▸ **Work required**
Take the material below and extract the lines from the one with "A discontinued style" through the one with "Ugye fel sem", word for word, without pictures.

▸ **Task material**
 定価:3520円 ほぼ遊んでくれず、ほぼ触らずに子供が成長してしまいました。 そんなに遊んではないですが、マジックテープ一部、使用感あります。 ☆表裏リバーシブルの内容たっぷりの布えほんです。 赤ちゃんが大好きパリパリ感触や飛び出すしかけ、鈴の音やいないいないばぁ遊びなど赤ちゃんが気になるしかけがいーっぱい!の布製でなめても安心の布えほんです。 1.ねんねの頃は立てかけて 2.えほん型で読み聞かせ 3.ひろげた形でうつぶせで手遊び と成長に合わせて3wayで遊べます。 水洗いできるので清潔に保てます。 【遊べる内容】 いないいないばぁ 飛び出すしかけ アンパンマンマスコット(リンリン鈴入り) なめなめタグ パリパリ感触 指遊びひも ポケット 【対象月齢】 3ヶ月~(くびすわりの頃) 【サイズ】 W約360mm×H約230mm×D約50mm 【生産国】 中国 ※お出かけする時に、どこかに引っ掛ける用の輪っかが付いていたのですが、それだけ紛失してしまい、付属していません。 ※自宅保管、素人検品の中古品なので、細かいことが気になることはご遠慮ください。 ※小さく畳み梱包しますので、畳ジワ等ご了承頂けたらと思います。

...

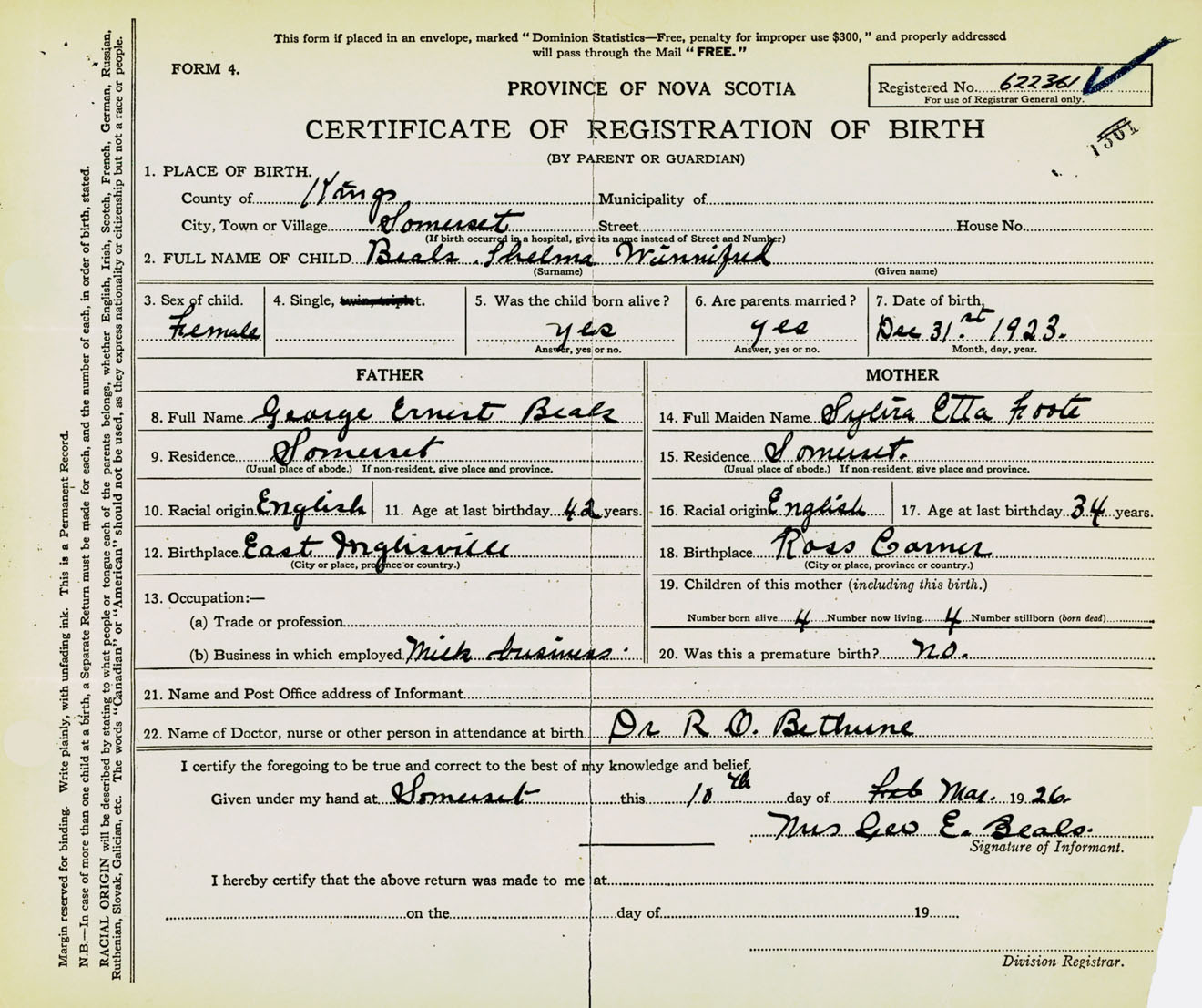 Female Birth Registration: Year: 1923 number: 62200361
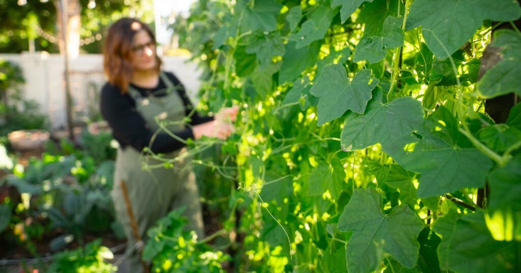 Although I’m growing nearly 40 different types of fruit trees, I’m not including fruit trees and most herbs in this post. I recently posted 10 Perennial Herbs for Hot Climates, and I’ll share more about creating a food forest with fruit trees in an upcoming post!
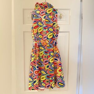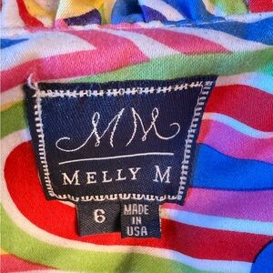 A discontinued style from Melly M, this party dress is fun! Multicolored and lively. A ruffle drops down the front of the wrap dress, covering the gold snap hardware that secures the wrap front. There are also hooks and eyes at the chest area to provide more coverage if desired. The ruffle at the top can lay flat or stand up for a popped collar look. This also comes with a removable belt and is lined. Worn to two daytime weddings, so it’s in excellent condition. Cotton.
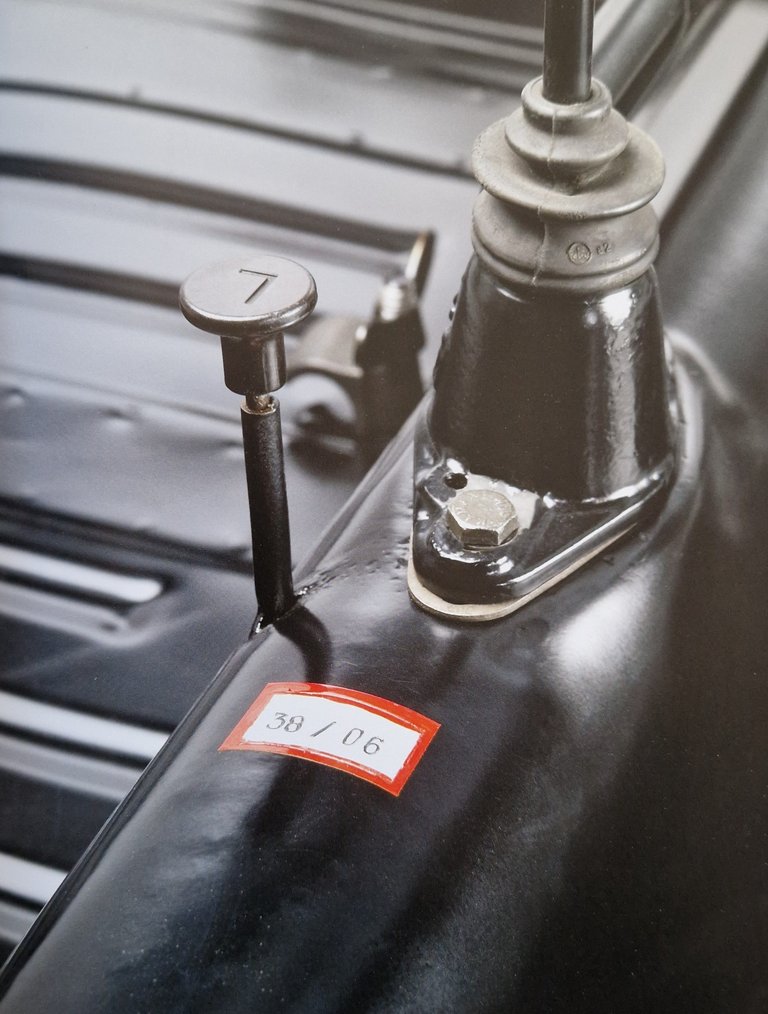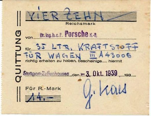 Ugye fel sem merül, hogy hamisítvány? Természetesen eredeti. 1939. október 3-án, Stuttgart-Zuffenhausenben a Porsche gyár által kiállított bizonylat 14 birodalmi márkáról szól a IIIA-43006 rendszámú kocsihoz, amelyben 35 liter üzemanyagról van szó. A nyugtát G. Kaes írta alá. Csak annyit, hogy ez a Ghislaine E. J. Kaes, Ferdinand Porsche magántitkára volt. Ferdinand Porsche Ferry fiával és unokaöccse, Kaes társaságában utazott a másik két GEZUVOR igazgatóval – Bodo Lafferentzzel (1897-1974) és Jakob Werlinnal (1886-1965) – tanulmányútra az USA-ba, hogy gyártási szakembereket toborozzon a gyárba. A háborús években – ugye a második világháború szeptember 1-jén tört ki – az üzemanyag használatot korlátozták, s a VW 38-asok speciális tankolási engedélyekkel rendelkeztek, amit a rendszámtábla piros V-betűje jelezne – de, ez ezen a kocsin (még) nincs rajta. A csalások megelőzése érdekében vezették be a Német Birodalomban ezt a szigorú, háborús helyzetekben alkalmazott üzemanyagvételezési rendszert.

▸ **Exercise response**
 A discontinued style from Melly M, this party dress is fun! Multicolored and lively. A ruffle drops down the front of the wrap dress, covering the gold snap hardware that secures the wrap front. There are also hooks and eyes at the chest area to provide more coverage if desired. The ruffle at the top can lay flat or stand up for a popped collar look. This also comes with a removable belt and is lined. Worn to two daytime weddings, so it’s in excellent condition. Cotton.
 Ugye fel sem merül, hogy hamisítvány? Természetesen eredeti. 1939. október 3-án, Stuttgart-Zuffenhausenben a Porsche gyár által kiállított bizonylat 14 birodalmi márkáról szól a IIIA-43006 rendszámú kocsihoz, amelyben 35 liter üzemanyagról van szó. A nyugtát G. Kaes írta alá. Csak annyit, hogy ez a Ghislaine E. J. Kaes, Ferdinand Porsche magántitkára volt. Ferdinand Porsche Ferry fiával és unokaöccse, Kaes társaságában utazott a másik két GEZUVOR igazgatóval – Bodo Lafferentzzel (1897-1974) és Jakob Werlinnal (1886-1965) – tanulmányútra az USA-ba, hogy gyártási szakembereket toborozzon a gyárba. A háborús években – ugye a második világháború szeptember 1-jén tört ki – az üzemanyag használatot korlátozták, s a VW 38-asok speciális tankolási engedélyekkel rendelkeztek, amit a rendszámtábla piros V-betűje jelezne – de, ez ezen a kocsin (még) nincs rajta. A csalások megelőzése érdekében vezették be a Német Birodalomban ezt a szigorú, háborús helyzetekben alkalmazott üzemanyagvételezési rendszert.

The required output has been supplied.